Tuesday, February 13, 2007

Of course, my ox is relatively ungored...[Re-post from 2006]

Elitist whiners decrying "sprawl" have met their debating match in Robert Bruegmann, an art historian from the University of Chicago. Far from being the blight harrumphers continuously claim, sprawl is a rational response of people who finally get a chance to choose.

If history is any guide, the current revolt of the "sensitive minority" against sprawl will soon seem a quaint product of a bygone era. Highbrow critics loudly castigated the landscape created by "vulgar masses" fed by "greedy speculators" in cookie-cutter postwar American suburbs like Daly City, California. But now that their landscapes have matured and their original plastic-shaded floor lamps have become collectible, many of these vintage neighborhoods have become trendy. In like manner, as hard as it is to imagine today, by the time the landscape around the now-treeless subdivisions of look-alike stucco boxes at the edge of suburban Las Vegas fully matures, these subdivisions will likely be candidates for historic landmark designation. Most urban change, no matter how wrenching for one generation, tends to be the accepted norm of the next, and the cherished heritage of the one after that. [emphasis mine]

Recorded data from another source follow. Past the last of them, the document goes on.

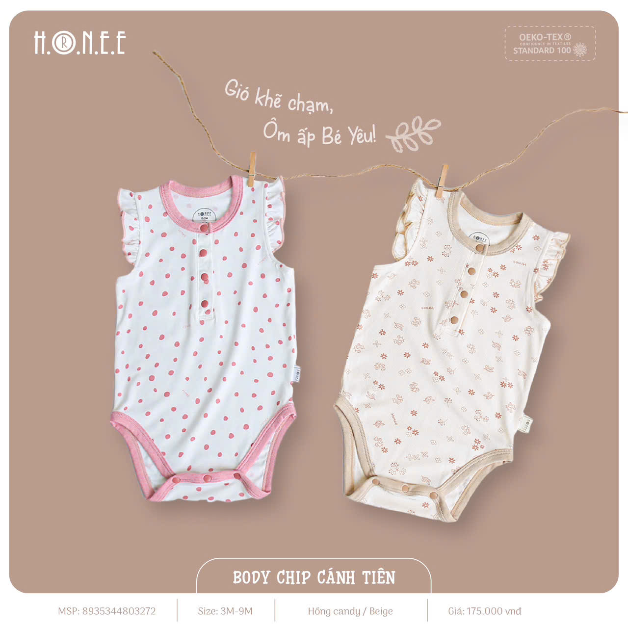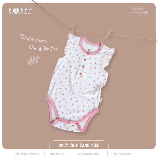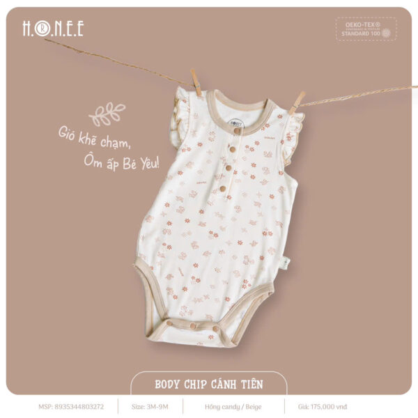 Thiết kế body với đôi cánh tiên dễ thương, kết hợp cùng hình in hoa nhí xinh xắn, tạo điểm nhấn nhẹ nhàng và đáng yêu cho bé gái. Đây là sự lựa chọn hoàn hảo giúp bé vừa thoải mái, vừa dễ thương trong những ngày đầu đời.
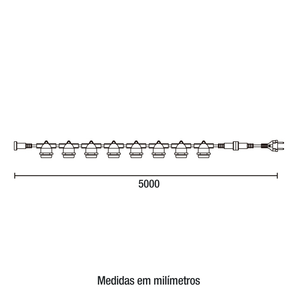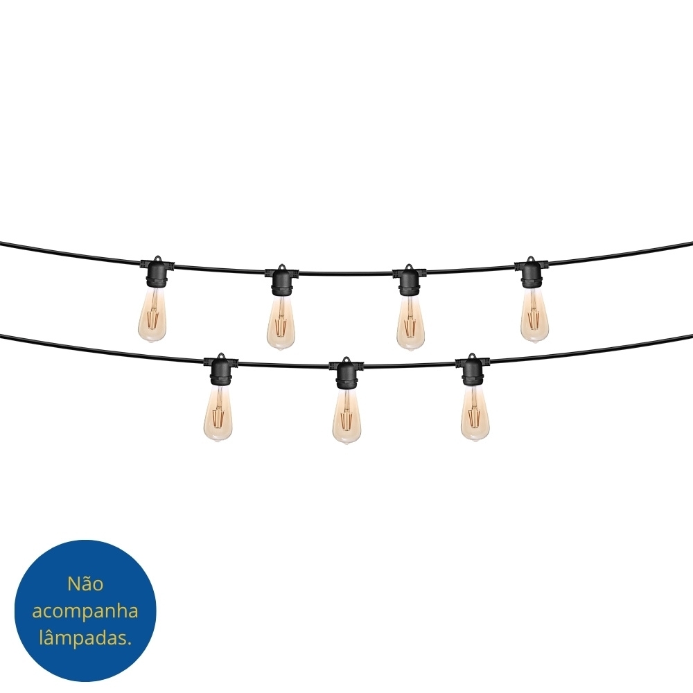 FESTÃO VARAL COM 8 SOQUETES E27 PRETO IP65 5 METROS – BLUMENAU
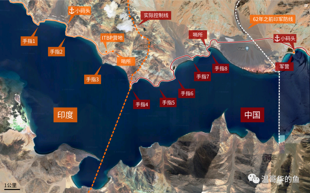 在印度的新闻报道中,通常把冲突地点称为F4,这既不是美国战斗机的名字也不是昔日的台湾男团,而是指班公湖北岸8个山体突出在湖中的小半岛,印度人称之为Finger - 手指,从西到东依次编号为F1 - F8:在1962年反击战之前,印军哨所设置到上图白线旁的西里扎普(Sirijap),反击战中我军占领了这个冲积扇,并在图右那个小湖湾内设立了一个带小码头的哨所,我军巡逻队最远巡逻到手指4,因此我方认定的实控线就沿着手指4的中线通过。直到2011年前,印方负责这一带防守的印藏边境警察(ITBP)哨所还远在班公湖最西端的弗布朗(Phobrang),离手指4有40多公里。但手指4和我方那个哨所之间并没有任何障碍或者标识,印方巡逻队会一直巡逻到手指8,再往前,不敢走了。印方据此认为实控线仍在62年印军防线位置,因为此线以西我军没有哨所,也就没有实控(这脸皮比墙还厚,他们的哨所离开40公里也可以把这里算实控,我们离开10公里就不算实控)。中印巡逻区在手指4和手指8之间有重叠,但双方巡逻分队的领队都会小心地避开对方,绝大部分时间都是你巡逻你的,我巡逻我的,大家心照不宣,和平相处。水上巡逻艇也有双方约定好的接触机制:如果另一方进入本方水域,会派出相同数量的舟艇应对,在相距6米的地方停下,展开红底白字的双语横幅并喊话:“您已在中国/印度水域。”对峙10分钟后换另一组横幅“为了和平和安宁,我们将返回己方,相信你们也会照做。”然后鸣金收兵,各自回营。虽然画面看着莫名喜感,但对双方军人而言这是极为严肃的执勤程序,在不失尊严的同时有效避免冲突。> 在相当长的时间里,中印边境大多数地区还是相当平静而友好的,驻守在如此高寒险恶环境的边防军人并不希望使用暴力2013-2014年间,印度将前线公路修到了手指3,ITBP在那里设立了一个营地和哨所。我方认为此举破坏了过去双方达成的边境管控协议,解放军开始封闭手指4和手指8之间的区域不让印军巡逻队通过。过去见面握个手打个哈哈,如今变成了经常性的互相顶牛不让过,最终在2017年8月15日演变为一场暴力混战,著名的“飞踹”就发生在那次。
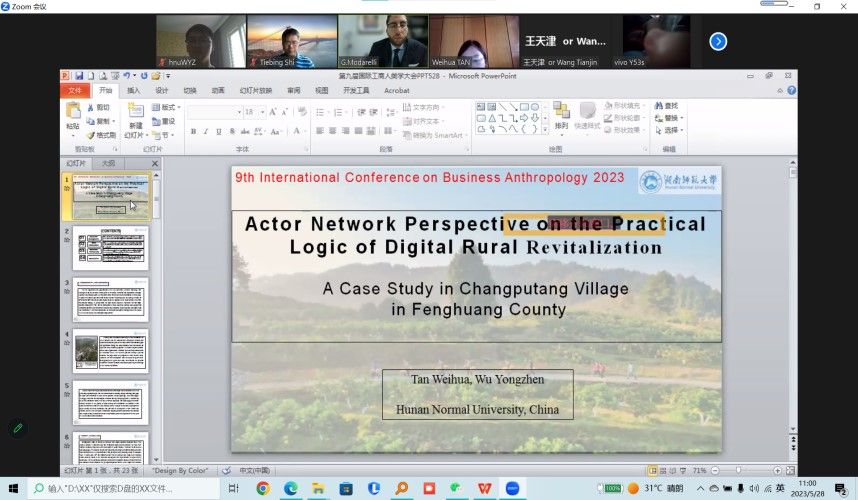 (通讯员:吴永珍)2023年5月28日,我院社会学系谭卫华副教授与其学生2021级社会学专业硕士研究生吴永珍共同参加了在线上平台ZOOM举行的第九届国际工商人类学大会。此次会议由怀化学院主办,怀化学院商学院和怀化学院湖南国际陆港发展研究中心承办,内蒙古财经大学商学院、吉首大学应用人类学高等研究院、国际工商人类学期刊等联合举办。会议以探索能促进和推动工商业界创新和发展新产品与服务的人类学新理论与研究方法,挖掘疫情冲击下的国际贸易发展动力为目标,共设置13个主要议题,开设中英文分会场16个,90多名国内外的专家学者参加大会。
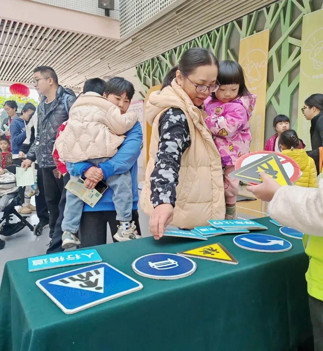 游园活动的8个特色体验项目,分别对应不同类别的安全知识,如:“预警信号我知道”“交通标志对对碰”“小小拆‘诈’专家”等。现场还设置了消防器材、急救训练器等教具,让亲子家庭在实操中学习避险、急救技能,将安全认知有效转化为应急能力 ,实现了“玩中学、学中会”,让“安全教育活起来”。
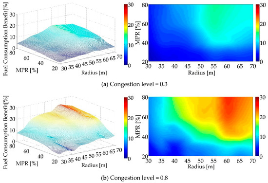 Sustainable transport should be safe, eco-friendly, and efficient [50], but few studies take these three important performance indexes into overall consideration. Some recent studies only adopted vehicle safety as a constraint to optimize fuel efficiency and traffic mobility. Safety, fuel efficiency, and traffic mobility cannot simultaneously be at good levels [46,47]. Moreover, most controllers proposed in these studies were designed on the basis of accurate information on the surrounding vehicles, and can only be implemented in fully connected vehicles environment [37,38,39,40,41,42]. The poor robustness of these controller to traffic randomness leads to no feasibility of implementation in the near future [43]. Then, some more practical controllers were developed, which release speed information using traditional roadside speed limits [51]. These controllers macroscopically optimize the movement of entire traffic consisting of connected vehicles and human-driven vehicles, allowing them to be readily implemented in the real world [52]. Most of these traditional controllers prefer to adopt low speed limits to ensure driving safety, and leads to significant adverse effects on the throughput on the roads [53]. This phenomenon can further cause traffic congestion under high saturation conditions. So how to solve the contradiction between the practicability of control system and traffic mobility will be the future research focus.
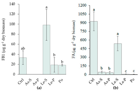 FB1 and FA produced by F. verticillioides (MY3 strain) in glucose, amylopectin, yeast extract, and peptone (GAYEP) medium supplemented with 2 mg mL−1 CEs. (a) FB1 production versus treatment with different CEs, (b) FA production versus treatment with different CEs. Data are represented by the mean of three replicated cultures and three measurements of FB1 or FA production and error bars represent the ± standard deviation. Letters (a, b, and c) indicate significant differences between treatments and the control, according to Tukey’s Test (α = 0.05). Extracts were: Control (Ctrl), CEs from A. subrufescens stipe (As-S) and pileus (As-P), L. edodes stipe (Le-S) and pileus (Le-P), P. ostreatus sporophore (Po).

Bruegmann's excellent book "Sprawl "will be reviewed in an upcoming Top Producer, but this essay from The American Enterprise magazine encapsulates many of his key arguments, such as:

Another misunderstanding grows out of the provincialism of critics living in fast-growing urban areas. Many such people have the impression that the entire country is fast being paved over. But in truth, cities and suburbs occupy only a small percentage of our country's land. The entire urban and suburban population of the United States could fit comfortably into Wisconsin at suburban densities. Moreover, the amount of land set aside permanently for parks and wildlife areas has grown faster than urban land. [emphasis mine - I love to emphasize]

The issue also contains another thoughtful interview on urban planning as well.

One key for me in this never-ending debate is that despite near-universal agreement on the disagreeable nature of urban expansion, it continues unabated. Which usually means people are saying one thing and doing another.

Update: TP dropped the "Required Reading" page, so the full review is posted here on JWorld - On the Coffee Table.